Cheap, Incredibly Fast Net AccessPlus: Cell phone clubs, a store in your OS, and free streaming audio.
1. Really Broad Broadband
Illustration by Harry Campbell
Bottom Line: Like the doctor says, fiber is good for you. Too bad it's so hard to get.
2. Phone-Side Chats
The Buzz: Man is a social animal with opposable thumbs, which explains the burgeoning popularity of SMS (short message service) clubs composed of mobile citizens who share common interests and a passion for cell phone "texting." San Diego-based SMS.ac--which boasts 10 million-plus members in some 200 countries--has more than 100,000 user-created clubs, from MJTurkFan ("Michael Jackson's Turkish Die-Hard Fans") to Nike World. Sending an SMS note is free, but for receiving messages club members are charged a small fee, which SMS.ac shares with the club's founder.
Bottom Line: It isn't all fun and games. Say you've missed work or blown off a meeting. Just SMS a plea to the Alibi and Excuse Club, and a stranger will intercede (as in, lie) on your behalf. Handy!
3. Windows Shopping
The Buzz: Microsoft is readying Windows Marketplace, a site that will point shoppers toward Windows-compatible hardware, software, and downloads. Accessible via the XP Start menu, an Internet Explorer button (added via Windows updates), and third-party sites, Marketplace will feature "a really big tent" of merchants, says Windows XP product manager Tracy Overby.
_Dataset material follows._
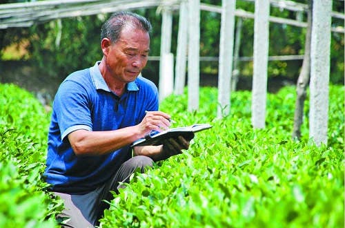 在日照茶界,徐经表无人不晓。就连农业部的茶树专家都专程来日照拜访他。如此蜚声“茶坛”,不单单因为他是个“老茶人”,更因为他对茶树的痴情、为日照茶业所做的贡献。 7月15日,在五莲县叩官镇的茶园里,记者见到了57岁的“土专家”徐经表。他正在给村民讲解茶园管理方法。村民对记者说:“老徐可是我们这一带的名人,种茶树、管茶园,谁都不如他明白,我们都叫他‘财神爷’。”可是这位‘财神爷’虽然有这么好的技术,却放着“炒茶”发财的事不做,专门租地研究起茶树来。如今,他租种20多亩地,培育着20多个茶树新品种。 1966年,正赶上南茶北引,当地被列为试点,村里就让“喝墨水多”的徐经表参加了这个项目。从那时起,他与茶树结下了不解之缘。1974年,他参加完省里组织的一次茶叶培训后,回家搞起了茶树种植对比试验。他发现,同样条件下,不同品种的茶树,品质、产量差距很大。这让他认识到良种在农业生产中的重要作用。于是,他萌发出为老百姓培育优良茶树的想法。为开阔知识面,他还多次自费外出与全国各地的茶树专家探讨育种技术。由于自费搞科研,徐经表的生活过得十分清苦。不仅如此,一个良种的培育得经过五六年的时间,所以还要耐得住寂寞。 经过这些年的不懈努力,在1995年第二届农业博览会上,他培育的“莲山翠芽”在全国茶叶评比中获得金奖;2006年,在“中茶杯”全国名优茶评比中,他培育的“茗博兰香”获得一等奖。 “做茶,三分在加工,七分在种植。要想提高我们北方茶叶的品质,就得为茶农们培育出优良的‘种子选手’。这样,日照绿茶才能卖上更高的价格,农民致富才不是一句空话。”说起茶树育种事业,老徐踌躇满志。 图为徐经表每天为茶树书写“成长日记”。(李青 摄影报道)

Multiple partners are promised, though at press time only CNet (which brings Download.com and a passel of e-tailers to the party) has been announced. It isn't yet clear how Micro-soft will make money from this, though history suggests it'll find a way to profit.
Bottom Line: Hmm.... I wonder if you'll be able to buy the Windows version of Monopoly on the Marketplace site.
4. Free Music Streams
The Buzz: An intriguing new model for music sharing, Mercora transforms its members into broadcasters who can stream any song in their library to others using Mercora's peer-to-peer network. Members can create groups and specify who gets to hear their music. But all listening is live: There's no downloading permitted. In the spirit of P-to-P, members can't listen in unless they make their own content available for sharing.
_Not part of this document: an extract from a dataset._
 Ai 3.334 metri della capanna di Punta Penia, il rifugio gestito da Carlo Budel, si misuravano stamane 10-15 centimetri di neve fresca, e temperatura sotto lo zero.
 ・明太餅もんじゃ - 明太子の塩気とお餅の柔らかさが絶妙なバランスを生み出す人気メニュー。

Bottom Line: Mercora pays a licensing fee to the record industry. In other words, it's legal. Look, Ma, no lawsuits.
Nagging Question: Why Is It Called Beta Software?
The second letter of the Greek alphabet, beta signals the second item in a series. In the world of prerelease software, an "alpha" is the first iteration--a program undergoing in-house testing. When an alpha graduates to beta, intrepid customers get to try it out. Most software passes through multiple beta stages and then "release candidates." The final version is often referred to as GA (for "general availability") or "gold code"--an overly optimistic moniker, given the inevitable bug fixes and service packs that follow.